GOAL OF THE EXERCISE
Find the line containing "وجاء في القرار" in the entries; transcribe it and all remaining lines through the end, exactly as they appear, but not the pictures.

>>>

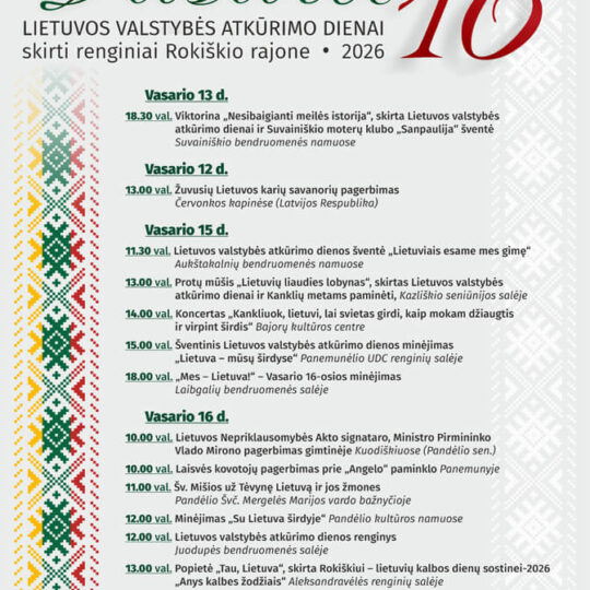 LIETUVOS VALSTYBĖS ATKŪRIMO DIENAI skirti renginiai Rokiškyje
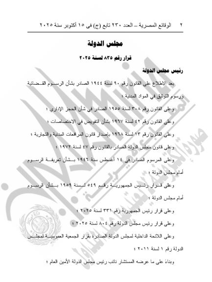 وجاء في القرار أنه صدر بعد الاطلاع على عدد من القوانين المنظمة، من بينها قانون الرسوم القضائية ورسوم التوثيق في المواد المدنية، وقانون الحجز الإداري، وقانون المرافعات المدنية والتجارية، وقانون مجلس الدولة، والقرارات الجمهورية المنظمة لرسوم التقاضي أمام المجلس.
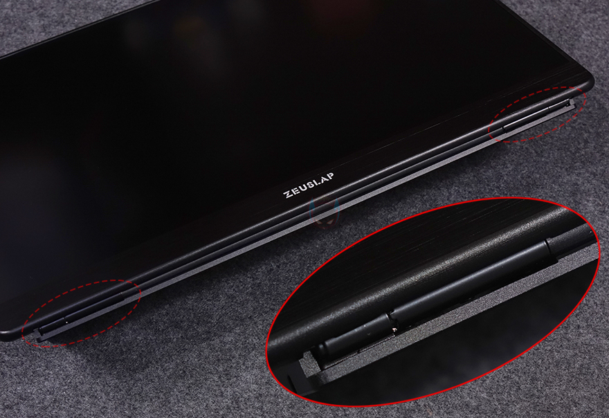 그럼, 제우스랩(Zeuslap) P16KF 포터블 모니터를 살펴보면, 화면크기는 시작에서 언급했듯이 P16 시리즈에 속한 모델로 16인치 크기를 가졌습니다. 뒤에서 확인하겠지만, 화면비율은 16:10이라 해상도는 3840x2400이죠. 패널은 IPS이며, 약간의 반사광정도가 있기 때문에 논글레어보다는 안티글레어에 가깝다 할 수 있습니다. 그리고, 화면 아래 베젤 중앙에는 ZEUSLAP 로고를 새겨놨으며, 측면에서 보면 6.8mm의 얇은 두께를 확인할 수 있습니다.
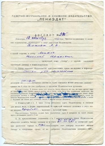 | Keywords: Ru-Lenizdat-dog-first-page.jpg ru Пе вая ст аница догово а 395 от 13 10 1956 года издательства Лениздат заключённого с авто ом ленинг адским поэтом иколаем Ивановичем аковым на издание стихов для маленьких книга Забавные исто ии 1956-10-13 Own archive Not applicable PD-RU-exempt Uploaded with UploadWizard Nikolai Ivanovich Makov |
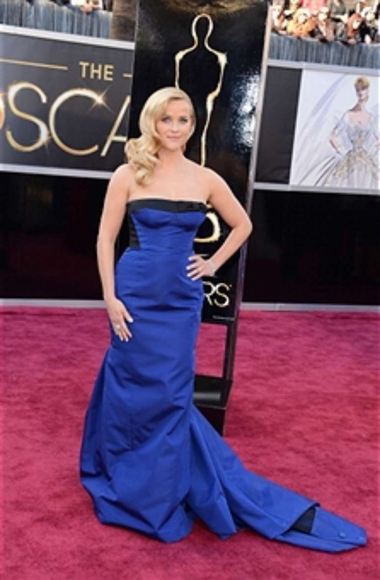A atriz Reese Witherspoon em um vestido azul tomara-que-caia da Louis Vuitton, usado na cerimônia do Oscar

<<<

PROBLEM SOLUTION
 وجاء في القرار أنه صدر بعد الاطلاع على عدد من القوانين المنظمة، من بينها قانون الرسوم القضائية ورسوم التوثيق في المواد المدنية، وقانون الحجز الإداري، وقانون المرافعات المدنية والتجارية، وقانون مجلس الدولة، والقرارات الجمهورية المنظمة لرسوم التقاضي أمام المجلس.
 그럼, 제우스랩(Zeuslap) P16KF 포터블 모니터를 살펴보면, 화면크기는 시작에서 언급했듯이 P16 시리즈에 속한 모델로 16인치 크기를 가졌습니다. 뒤에서 확인하겠지만, 화면비율은 16:10이라 해상도는 3840x2400이죠. 패널은 IPS이며, 약간의 반사광정도가 있기 때문에 논글레어보다는 안티글레어에 가깝다 할 수 있습니다. 그리고, 화면 아래 베젤 중앙에는 ZEUSLAP 로고를 새겨놨으며, 측면에서 보면 6.8mm의 얇은 두께를 확인할 수 있습니다.
 | Keywords: Ru-Lenizdat-dog-first-page.jpg ru Пе вая ст аница догово а 395 от 13 10 1956 года издательства Лениздат заключённого с авто ом ленинг адским поэтом иколаем Ивановичем аковым на издание стихов для маленьких книга Забавные исто ии 1956-10-13 Own archive Not applicable PD-RU-exempt Uploaded with UploadWizard Nikolai Ivanovich Makov |
A atriz Reese Witherspoon em um vestido azul tomara-que-caia da Louis Vuitton, usado na cerimônia do Oscar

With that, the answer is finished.